AN ARBITRATION CLAUSE CONTAINED IN A BULK MAILER SENT OUT AFTER THE PURCHASE OF PROPANE DID NOT APPLY RETROACTIVELY.
All-South Subcontractors v. AmeriGas Propane, 41 Fla. L. Weekly D1859 (Fla. 1st DCA August 1, 2016):
Plaintiff had purchased propane from the appellees in 2010. In 2012, defendant sent out written notice of general terms and conditions of AmeriGas Propane contracts, relating to the supply of propane and the release of related equipment. Contained within those terms and conditions was an arbitration clause.

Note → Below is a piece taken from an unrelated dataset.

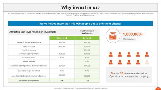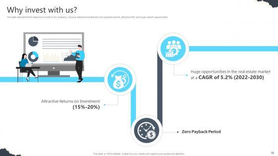 The slide represents the reasons to invest in the company. Various reasons included are zero payback period, attractive ROI and huge market opportunities. The best PPT templates are a great way to save time, energy, and resources. Slidegeeks have 100 percent editable powerpoint slides making them incredibly versatile. With these quality presentation templates, you can create a captivating and memorable presentation by combining visually appealing slides and effectively communicating your message. Download Why Invest With Us Real Estate Platform Investor Funding Elevator Pitch Deck from Slidegeeks and deliver a wonderful presentation. The slide represents the reasons to invest in the company. Various reasons included are zero payback period, attractive ROI and huge market opportunities.

In 2014, the plaintiff/appellant filed a class action against AmeriGas, alleging that its practice of charging fuel recovery fees to its customers violated the Florida Deceptive and Unfair Trade Practices Act. Because the defendant failed to show that the parties entered into a valid written agreement in 2010 to arbitrate the dispute, and the bulk mailer came after that fact, those terms and conditions could not be applied retroactively to bind the plaintiff. Therefore the arbitration clause could not provide a basis to dismiss the plaintiff’s complaint.

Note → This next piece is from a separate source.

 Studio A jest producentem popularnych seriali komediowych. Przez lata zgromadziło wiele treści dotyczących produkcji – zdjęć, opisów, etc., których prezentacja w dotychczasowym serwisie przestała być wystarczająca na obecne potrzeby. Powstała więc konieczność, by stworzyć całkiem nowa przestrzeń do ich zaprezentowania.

PARTY CAN SEEK RELIEF UNDER RULE 1.540(b) WHEN NOT RECEIVING A COPY OF AN ORDER ENTERED BY THE COURT UNTIL AFTER THE TIME FOR FILING THE APPEAL HAS EXPIRED.
Waters v. Pam Childers, 41 Fla. L. Weekly D1864 (Fla. 1st DCA August 11, 2016):
The plaintiff, an inmate, filed a mandamus petition against the clerk of Escambia County. The petition was denied and a timely motion for rehearing was filed. Subsequently, the appellant sent a notice of inquiry to the clerk regarding the status of the motion for rehearing. The clerk informed the appellant that the order had been entered approximately six weeks before.

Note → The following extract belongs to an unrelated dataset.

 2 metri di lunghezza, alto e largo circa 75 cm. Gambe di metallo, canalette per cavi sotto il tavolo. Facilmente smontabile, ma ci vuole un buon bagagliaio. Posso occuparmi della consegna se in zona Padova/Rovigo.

Plaintiff then filed a motion for relief from judgment under rule 1.540(b), asserting that he never received a copy of the order denying the motion, and asking the trial court to vacate and re-enter the order so he could appeal. The trial court denied the motion.
Because the motion for relief was facially sufficient and not refuted by the limited record, and because not receiving an order is a basis for relief under rule 1.540(b), the court reversed and remanded for an evidentiary hearing on the motion.